Although the entries contain pictures, only their text goes into the copy, set down exactly.
BEGIN
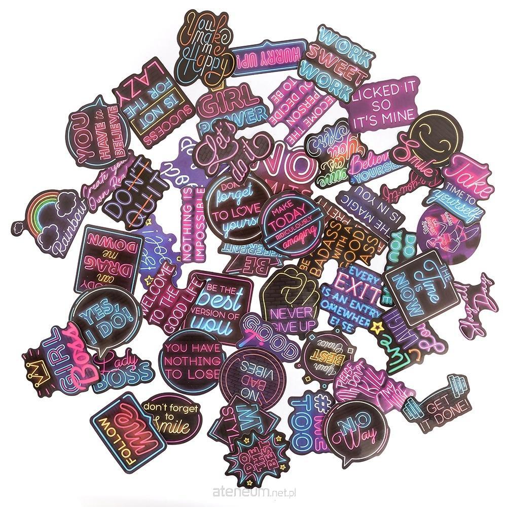 Winylowe naklejki z motywacyjnymi sloganami utrzymanymi w intensywnych, ciemnych kolorach, w połączeniu z czernią, z grafiką nawiązującą do motywu neonów świetlnych.
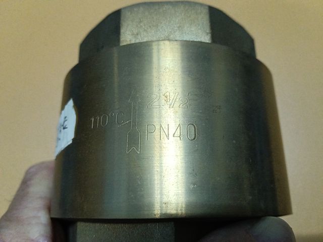 Válvula de retención de latón con marcado de 2 1/2 pulgadas y PN40. - Indicación de temperatura máxima de 110°C. - Flecha indicadora de dirección de flujo.
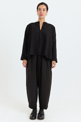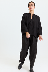 The Mona Shirt by Whiteread is crafted from midweight repurposed linen. It features a neckline with an internal tie and front slit, uncuffed long sleeves, a boxy silhouette, and side slits at the hem. A relaxed yet elegant shirt, true to Whiteread’s signature style.
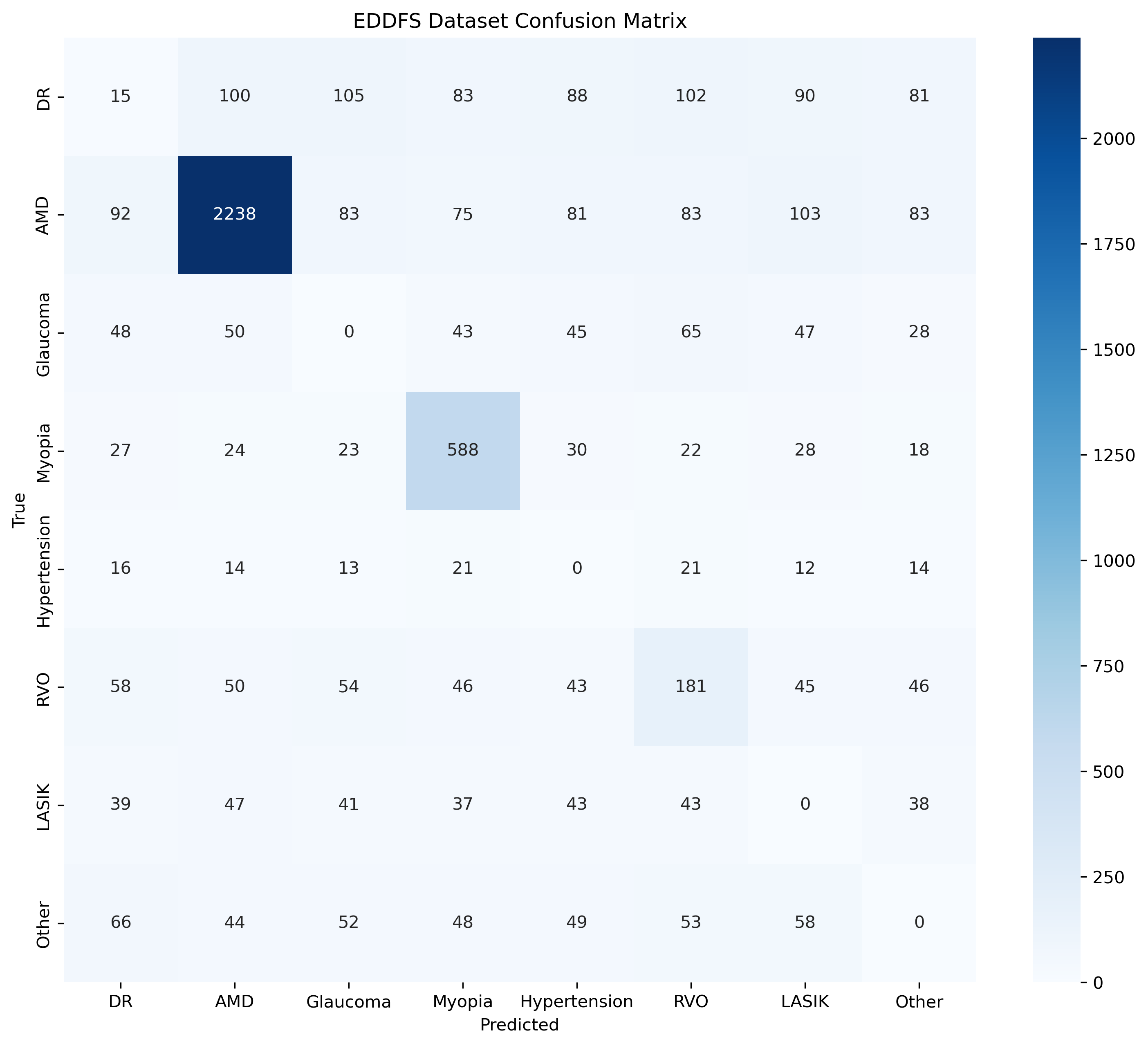 完全失效的类别:青光眼(Glaucoma)、LASIK术后斑、其他(Other)类别的正确预测数均为0,表明模型完全无法识别这些疾病。
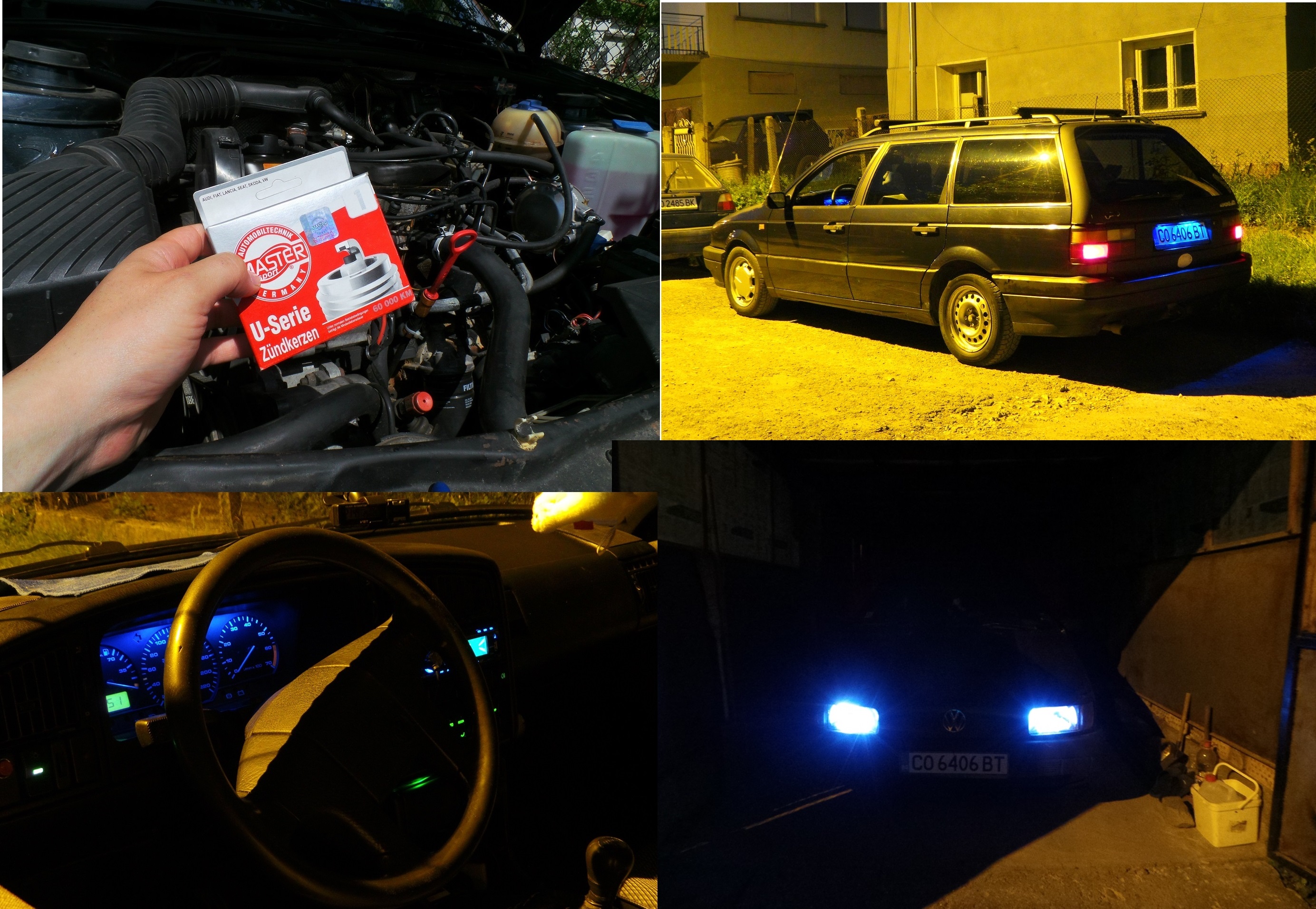 Следващите стъпки бяха нови свещи (оказа се, че бако си е правил яко гаргари с Пасата.. две от свещите бяха с един електрод, а другите две с три...), LED крушки на габаритните светлини, номера и километража.
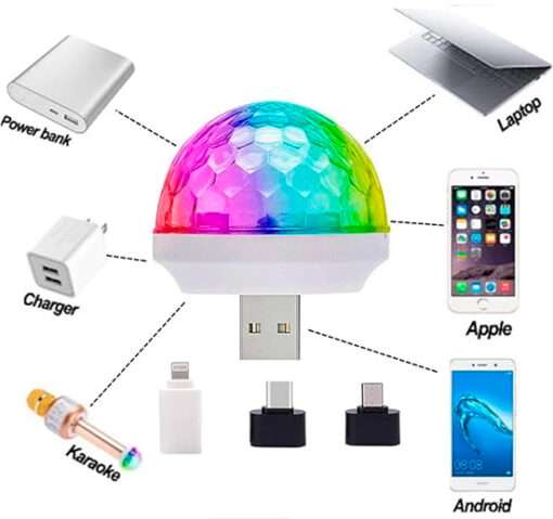 La mini bola de discoteca es muy pequeña y portátil, potente, puede proporcionar luz brillante y intermitente, perfecta para traer un ambiente de bola de discoteca, hermosos dispositivos, hermosos y coloridos. Adecuado para muchas ocasiones, tales como: fiesta de cumpleaños, fiesta en la piscina, discoteca, baile, fiesta de pijama, vacaciones, boda, Navidad, ambiente de coche, karaoke, DJ, Halloween, fiesta o al aire libre, dormitorio, sala de estar y jardín. Fácil de usar; utiliza el conector del teléfono para convertirlo, se puede utilizar para teléfonos celulares: (el teléfono móvil necesita abrir ajustes, más ajustes – OTG – abierto, se puede utilizar). Luces coloridas, mejoran el ambiente del escenario, aportan un mejor canto y disfrute. Rango de flash: 5-10 m, tamaño del cuerpo de la lámpara: 4 cm x 4 cm.
END
■ RESULT FOR THIS EXERCISE ■
 Winylowe naklejki z motywacyjnymi sloganami utrzymanymi w intensywnych, ciemnych kolorach, w połączeniu z czernią, z grafiką nawiązującą do motywu neonów świetlnych.
 Válvula de retención de latón con marcado de 2 1/2 pulgadas y PN40. - Indicación de temperatura máxima de 110°C. - Flecha indicadora de dirección de flujo.
 The Mona Shirt by Whiteread is crafted from midweight repurposed linen. It features a neckline with an internal tie and front slit, uncuffed long sleeves, a boxy silhouette, and side slits at the hem. A relaxed yet elegant shirt, true to Whiteread’s signature style.
 完全失效的类别:青光眼(Glaucoma)、LASIK术后斑、其他(Other)类别的正确预测数均为0,表明模型完全无法识别这些疾病。
 Следващите стъпки бяха нови свещи (оказа се, че бако си е правил яко гаргари с Пасата.. две от свещите бяха с един електрод, а другите две с три...), LED крушки на габаритните светлини, номера и километража.
 La mini bola de discoteca es muy pequeña y portátil, potente, puede proporcionar luz brillante y intermitente, perfecta para traer un ambiente de bola de discoteca, hermosos dispositivos, hermosos y coloridos. Adecuado para muchas ocasiones, tales como: fiesta de cumpleaños, fiesta en la piscina, discoteca, baile, fiesta de pijama, vacaciones, boda, Navidad, ambiente de coche, karaoke, DJ, Halloween, fiesta o al aire libre, dormitorio, sala de estar y jardín. Fácil de usar; utiliza el conector del teléfono para convertirlo, se puede utilizar para teléfonos celulares: (el teléfono móvil necesita abrir ajustes, más ajustes – OTG – abierto, se puede utilizar). Luces coloridas, mejoran el ambiente del escenario, aportan un mejor canto y disfrute. Rango de flash: 5-10 m, tamaño del cuerpo de la lámpara: 4 cm x 4 cm.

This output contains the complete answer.